Steel Bank Common Lisp

rare failure of :two-threads-running-gc test in threads.impure.lisp

Reported by 3b on 2012-09-29
8
This bug affects 1 person
Affects Status Importance Assigned to Milestone
SBCL
Undecided
Unassigned

Bug Description

:two-threads-running-gc failed once out of a few hundred runs of threads.impure.lisp while trying to isolate something else.

following test case fails more reliably, usually within a few minutes (runs for around an hour here when it doesn't fail), starting at 1.0.56.55-f0da2f6 ('redesign exiting SBCL') on x8664 linux

(let (a-done
      (b-done t)
      done)
  (setf *debugger-hook*
        (lambda (&rest r)
          (format t "debugged~%") (finish-output)
          (setf done t) ))
  (sb-thread:make-thread (lambda ()
                           (loop while (not done)
                                 repeat 10000
                                 do (dotimes (i 50)
                                      (sb-ext:gc)
                                      (princ "\\") (finish-output)))
                           (setf a-done t)))
  (loop
    until a-done
    when b-done
      do (princ "|") (finish-output)
         (setf b-done nil)
         (sb-thread:make-thread (lambda ()
                                  (dotimes (i 2)
                                    (sb-ext:gc :full t)
                                    (princ "/") (finish-output))
                                  (setf b-done t)))))

3b (00003b) wrote :

stack trace from original failure in test suite:

::: Running (:TWO-THREADS-RUNNING-GC)
\\\\\\\\\\\\\\\\\\\\\\\\\\\\\\\\\\\\\\\\CORRUPTION WARNING in SBCL pid 26293(tid 140737322415872):
Memory fault at 400 (pc=0x400, sp=0x7ffff61bee70)
The integrity of this image is possibly compromised.
Continuing with fingers crossed.
\\\\\\\\\\\\\\\\\\unhandled SB-SYS:MEMORY-FAULT-ERROR in thread #<SB-THREAD:THREAD
                                                "main thread" RUNNING
\ {10029DD473}>:
\\\\\\\\\\ Unhandled memory fault at #x400.
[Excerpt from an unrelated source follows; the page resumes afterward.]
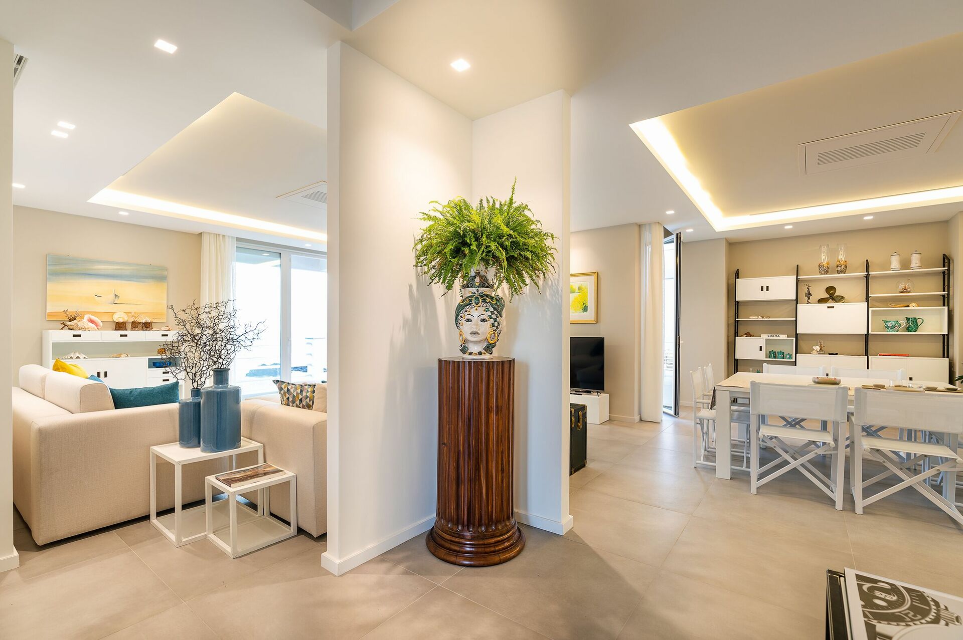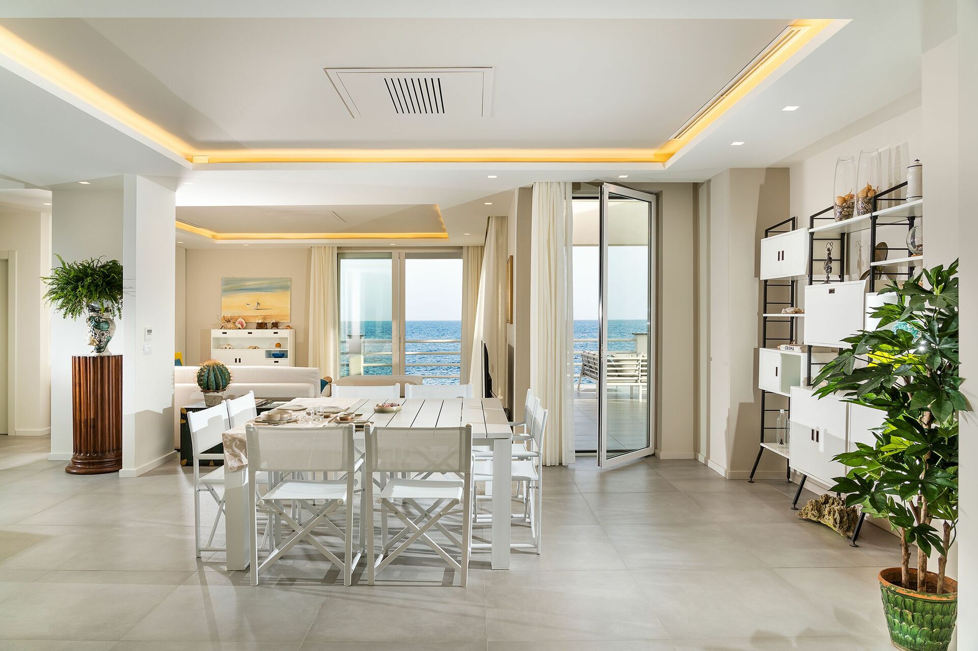 Detta vackra boende på Sicilien sträcker sig över första våningen i huset, med vacker havsutsikt från terrasserna (bottenvåningen används inte eller är bebodd av vissa hyresgäster).

\\\\\\\\\\\\\\\\\\\\\\\\\\\\\\\0: (SB-DEBUG::MAP-BACKTRACE
    #<CLOSURE (LAMBDA # :IN BACKTRACE) {1002F8001B}>
    :START
    0
    :COUNT
    128)
1: (BACKTRACE 128 #<SYNONYM-STREAM :SYMBOL SB-SYS:*STDERR* {100016C0C3}>)
2: (SB-DEBUG::DEBUGGER-DISABLED-HOOK
    #<SB-SYS:MEMORY-FAULT-ERROR {1002D28003}>
    #<unavailable argument>)
3: (SB-DEBUG::RUN-HOOK
    *INVOKE-DEBUGGER-HOOK*
    #<SB-SYS:MEMORY-FAULT-ERROR {1002D28003}>)
4: (INVOKE-DEBUGGER #<SB-SYS:MEMORY-FAULT-ERROR {1002D28003}>)
5: (ERROR SB-SYS:MEMORY-FAULT-ERROR :ADDRESS 1024)
6: (SB-SYS:MEMORY-FAULT-ERROR)
7: ("foreign function: call_into_lisp")
8: ("foreign function: post_signal_tramp")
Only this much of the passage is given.